Candidates jockey for position as most anti-gay at forum sponsored by ‘family values’ groups

Rep. Newt Gingrich

Rep. Newt Gingrich

Lisa Keen  |  Keen News Service
lisakeen@mac.com

Current Republican presidential frontrunner Newt Gingrich used a right-wing Christian forum Saturday, Nov. 19, to claim “the left” is trying to “drive out the existence of traditional religions … and use the government to repress the American people against their own values.”

He made the comment in the context of a discussion about whether religious-oriented adoption agencies should be allowed to refuse adoptions to same-sex couples. Some states, such as Massachusetts, have cut off government funding to adoption groups that refuse to obey state laws prohibiting discrimination based on sexual orientation.

At that same event, Texas Gov. Rick Perry said that gay couples in Texas cannot adopt, which isn’t true, strictly speaking. Gays and lesbians can adopt as individuals, and in most cases, that person’s partner can do a second-parent adoption separately.

Without referring to gay groups or the LGBT community specifically, Gingrich lashed out against a movement that, since the 1960s, has gone from “a request for tolerance to an imposition of intolerance … [and] closing down those with traditional values.”

Gingrich said he would support a law that would cut off “all federal funding to any jurisdiction that discriminates against religious beliefs in that format.”

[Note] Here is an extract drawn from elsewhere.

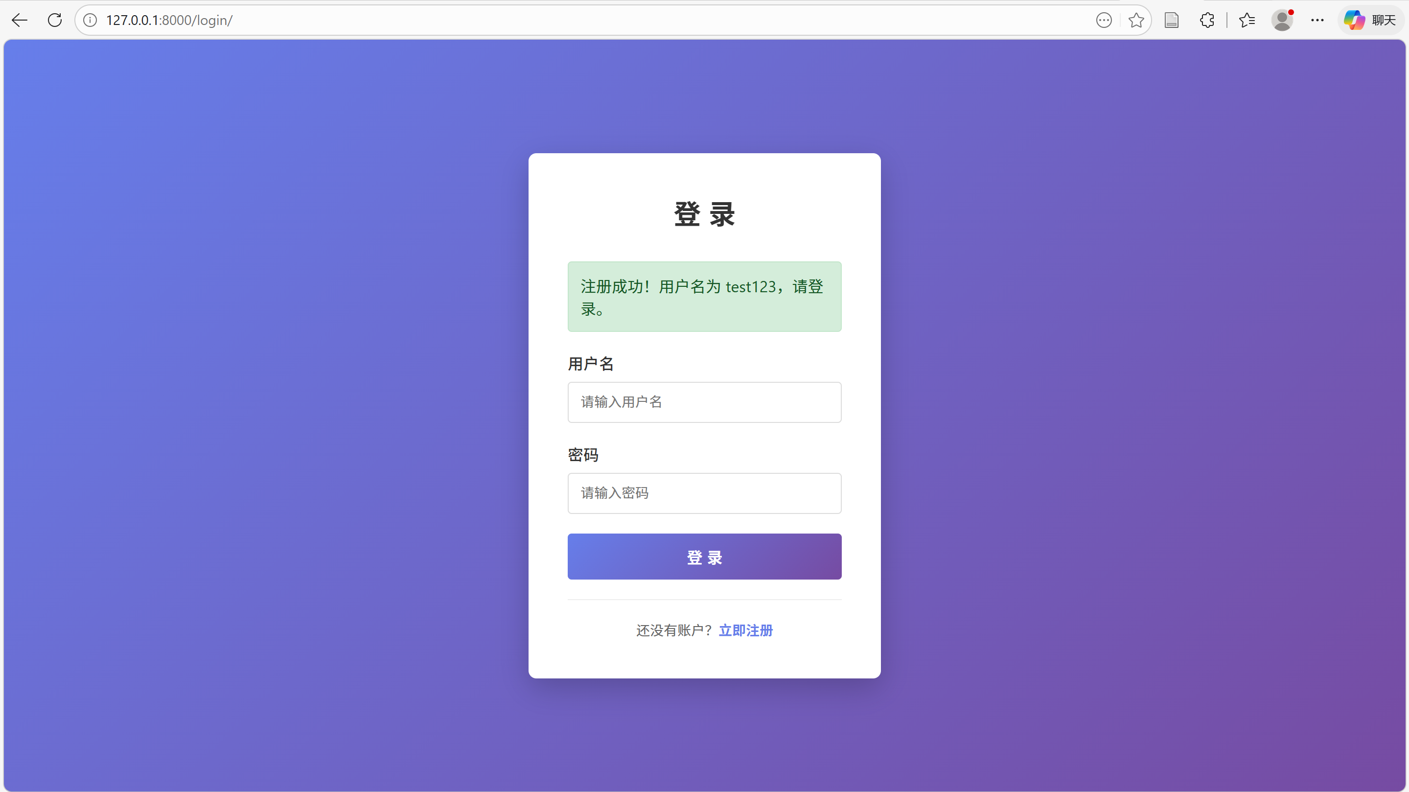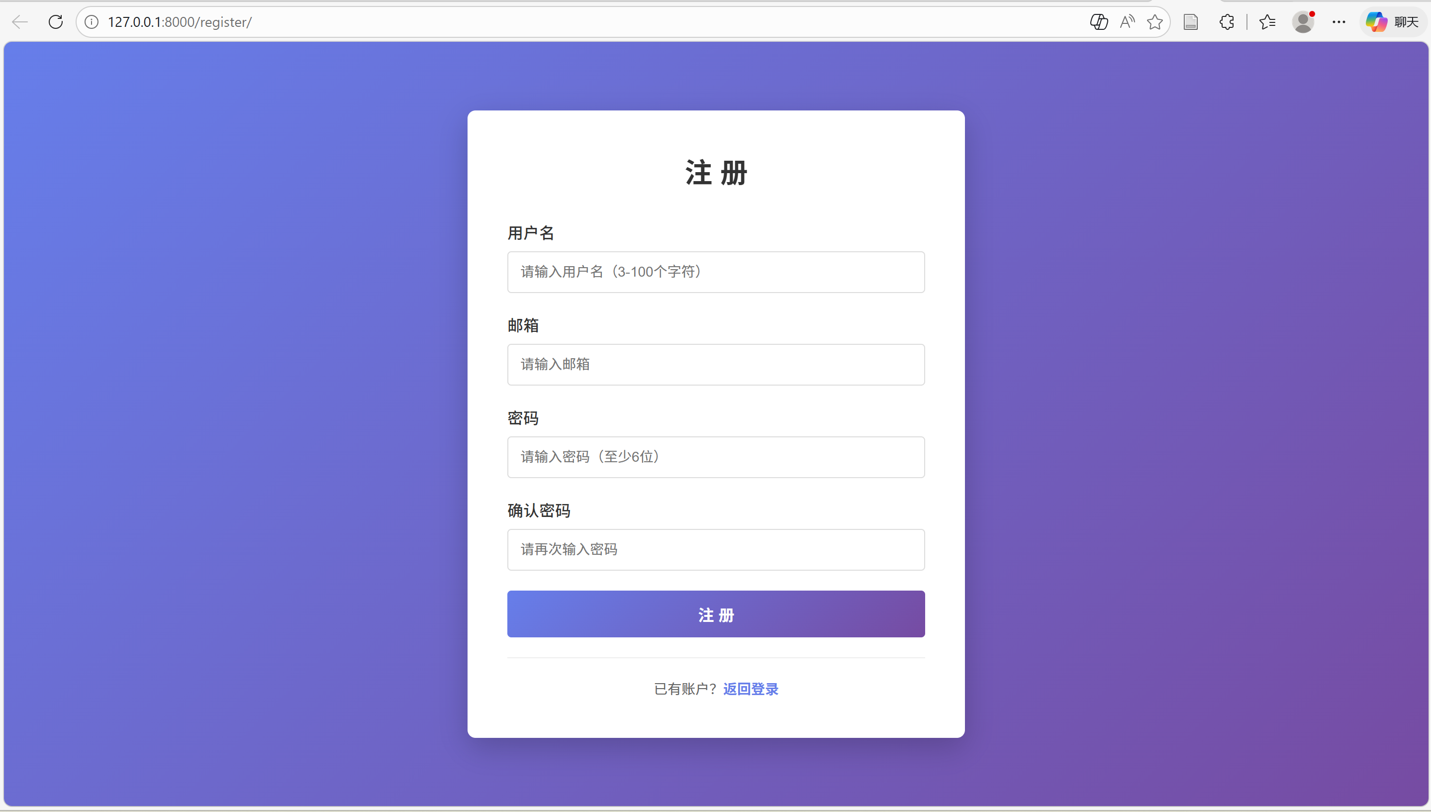 | 📝 注册 | http://127.0.0.1:8000/register/ ✅ |

The forum was the “Iowa Thanksgiving Family Forum,” sponsored by the Family Leader group of Iowa, as well as the National Organization for Marriage and Focus on the Family. Its format was an “around the family table” kind of conversation with Gingrich and five other Republican presidential hopefuls, including Ron Paul, Michele Bachmann, Rick Santorum, Herman Cain and Perry.

Mitt Romney, who has been eschewing most Iowa events, declined an invitation.

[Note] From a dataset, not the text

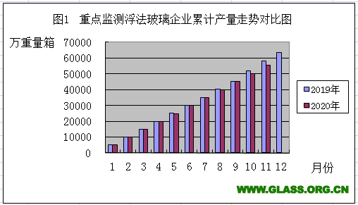 2019年與2020年重點監(jiān)測浮法玻璃企業(yè)累計產(chǎn)量走勢對比圖(2020年11月份)
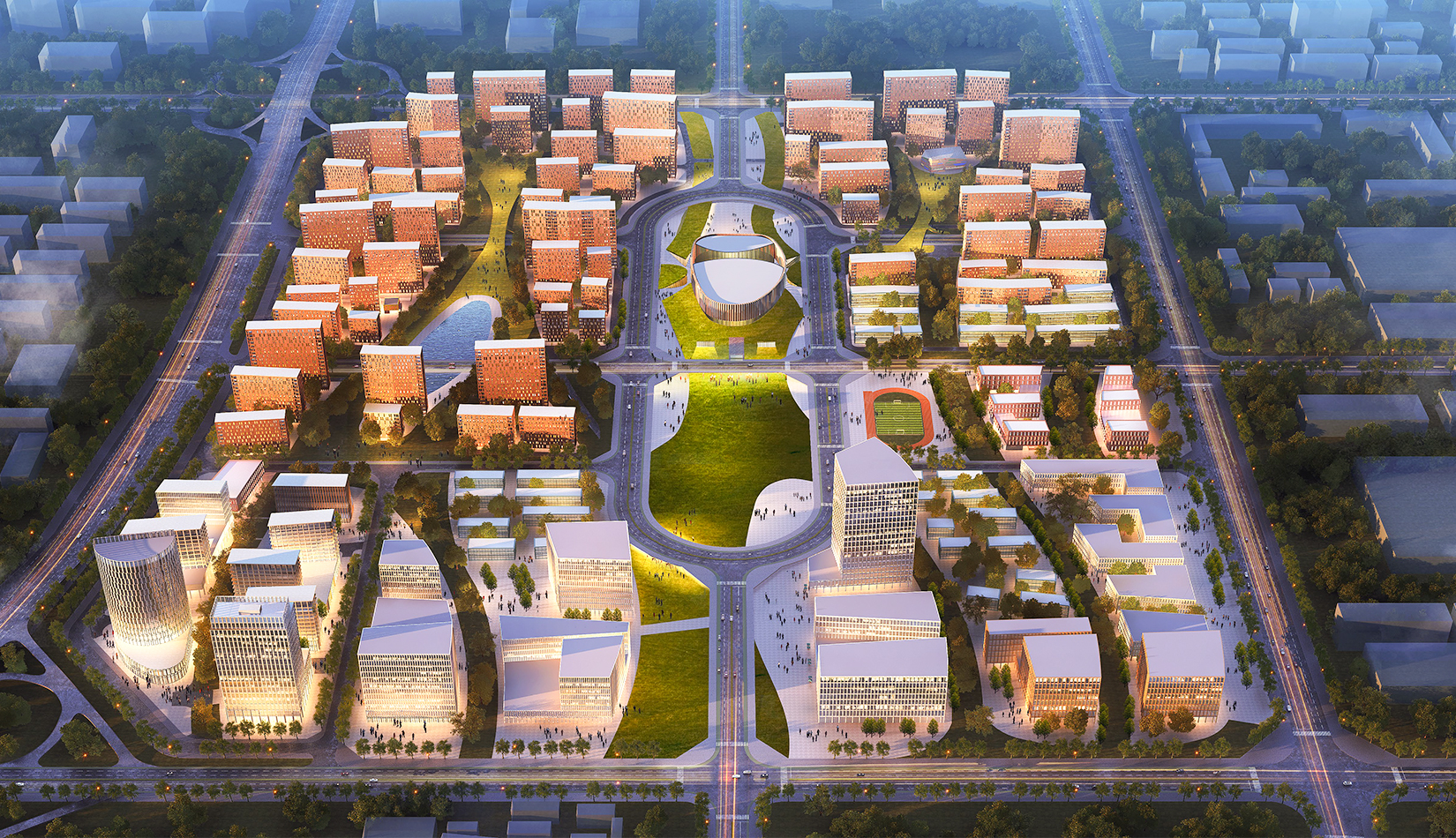 生態(tài)規(guī)劃以“生命之樹“為主題,以南側(cè)的“安全生產(chǎn)管理研發(fā)區(qū)域”作為科學(xué)基礎(chǔ),以“三生”安全景觀軸為貫穿南北,并與遠(yuǎn)處的泰山遙遙相應(yīng)。自西往東,三大安全景觀軸分別象征“生態(tài)”、“生機(jī)”和“生活”:西側(cè)軸線整合現(xiàn)狀水塘及古井,使之成為景觀的一部分,結(jié)合濃密的種植,充分展現(xiàn)生態(tài)主題;中央?yún)^(qū)域廣場綠地景觀帶與體育文化場館相配合,強(qiáng)調(diào)了健康、運(yùn)動(dòng)的生機(jī)氣象, 展示生命健康與安全的信息和設(shè)施;東側(cè)的景觀帶側(cè)與學(xué)校串聯(lián),結(jié)合住宅小區(qū),為人們提供全天候的戶外生活場所,展示生活安全理念和技術(shù)。景觀帶延綿起伏,在道路交匯處延續(xù)地景設(shè)置人行設(shè)施,確保步行的安全。

The candidates responded to questions from a moderator and from several representatives of the host groups, including Brian Brown of the National Organization for Marriage. The topics centered around such broad themes as values, morality and liberty, with a strong bent toward the view that the country is divided into conservatives — who are all happy, God-loving citizens — and liberals, who are all sad and out to destroy religious freedom.

As has become his routine, Santorum boasted about his superiority in the GOP field when it comes to opposing marriage between same-sex couples. Same-sex marriage, he said, “radically changes the entire moral fabric of our country.

“Gay marriage is wrong,” said Santorum. “As Abraham Lincoln said, the states do not have the right to do wrong. … America is an ideal. It’s not just a Constitution.”

But only Cain spoke up when Brown solicited responses for what each candidate would do, as president, if the U.S. Supreme Court should overturn the Defense of Marriage Act.

Cain said he would “lead the charge to overturn the Supreme Court.” After some prodding from the moderator, Gingrich did offer up that he thought it important to “make DOMA not appealable” in the courts.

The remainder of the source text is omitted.